What Do I Do?

“What I don’t understand, Thomas,” said Rob Brighouse, my former boss, “is how a blog makes you money”.

It’s a fair question.

From the outside, it probably does look like I spend my time writing a blog and hosting a podcast. I do both, and I enjoy them. But together they take up about one day a week.

The rest of the time, I’m doing things that are less visible but hopefully even more useful (if it is possible to imagine such a thing).

Because Rob is, of course, right. The blog doesn’t make money at all.

The blog is how I think; the other four days are about doing.

But, seeing as he asked, here are a few examples of the actual work.

I’ve anonymised my clients here to avoid having to ask permission (and risk embarrassment if they say no) but if you’re one of my clients reading this and are happy to be named, just let me know and I’ll edit accordingly.

1: A local authority struggling to turn intent into delivery

So, what was the story?
A local authority wanted to accelerate the delivery of transport schemes. There was no shortage of ambition, and no shortage of capable people, but somehow they didn’t quite seem to be nailing pace.

And what did you do?
I spent time with the practitioners first - six hours of workshops, followed by one-to-one conversations - to understand what day-to-day delivery actually felt like and what the barriers were. Then I worked with them to develop an action plan to overcome these barriers. I spent time with the Director and Cabinet Member to agree those actions, with named owners and resources attached. I’m now staying involved as these actions move into delivery.

I’m intrigued. What was getting in the way?
As so often, it was largely in the mind. Officers were cautious. Partly because of learned experience, partly because they weren’t confident they’d be backed if they moved faster or tried something experimental and partly because they weren’t confident in the governance processes. As so often happens, when the officers stepped back, the politician stepped forward taking more decisions than he should have done and making the officers even less confident. Vicious circle territory.

Consultation processes were (as they are across the country) an issue. Please do listen to my podcast with Jasmine Palardy next week for some radical ideas in this space.

So has it all changed now?
Partly. The feedback I’ve had is that the work we’ve done together has made everyone feel more of a team. “Much more than a year ago, it feels like we are all pulling in the same direction”. But there’s more to do so I’m staying involved in a light-touch way for a few more months to make sure that the actions agreed become actions completed. You know as well as I do that in the absence of someone keeping score, these things can drift.

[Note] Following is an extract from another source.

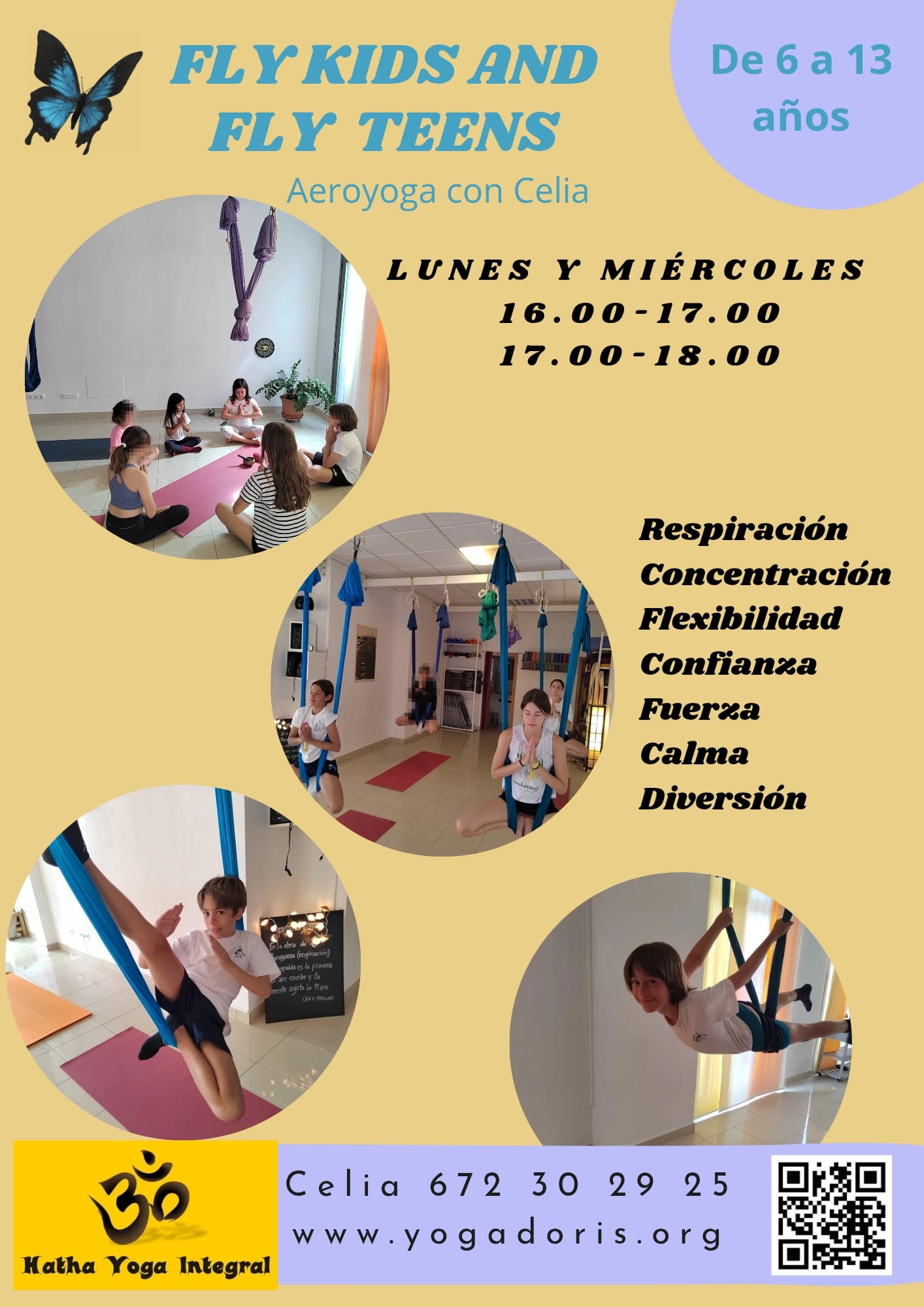 El Yoga Aéreo es una forma maravillosa de introducir el yoga en los niños y niñas o añadir una práctica divertida y respetuosa a los que ya practican. En estas clases, no sólo se fortalece el cuerpo y se trabaja la flexibilidad, si no que va mucho más allá. Creando un ambiente de confianza y seguridad, ayudamos a los alumnos a trabajar su autoestima y autoconcepto, sentirse libres y plenos, fuertes por fuera y por dentro, a ser ellos mismos y desarrollarse como niños, adolescentes y adultos felices.

2: Customer experience in Rail

What was happening here?
The Rail Delivery Group is passionate about improving customer experience. As GBR is created, they wanted to make sure that all the great ideas for customer experience improvement generated in the previous structure aren’t lost.

What was the danger?
Let’s be honest. The railway has become rather introspective recently. The focus is all on org change. But there are lots of people right through the sector with great ideas to improve customer experience. Many of these have been knocked back repeatedly or got lost in governance: or it just wasn’t their time. The result is that these ideas are locked in peoples’ heads or in papers written for organisations about to be abolished.

So what did you do?
I interviewed people across the railway, at every level, to surface those buried ideas. Many were still great ideas so I treated them as unfinished work rather than failures. There’s an important principle here, by the way. Customers can often tell you their pain but are terrible at telling you the answer. It’s (good!) operational teams who know what needs to happen. I also spoke to teams at the Swiss and Austrian state railways (respectively the highest satisfaction in Europe and in the EU) to ask what they would do if given our railway to run.

And what was the result?
RDG now has a consolidated set of customer experience improvement ideas on the shelf. They’re all available in a single document (I also recorded a podcast and a video, just so people have multiple ways of receiving the information), ready to be picked up when the railway is ready to look outwards again.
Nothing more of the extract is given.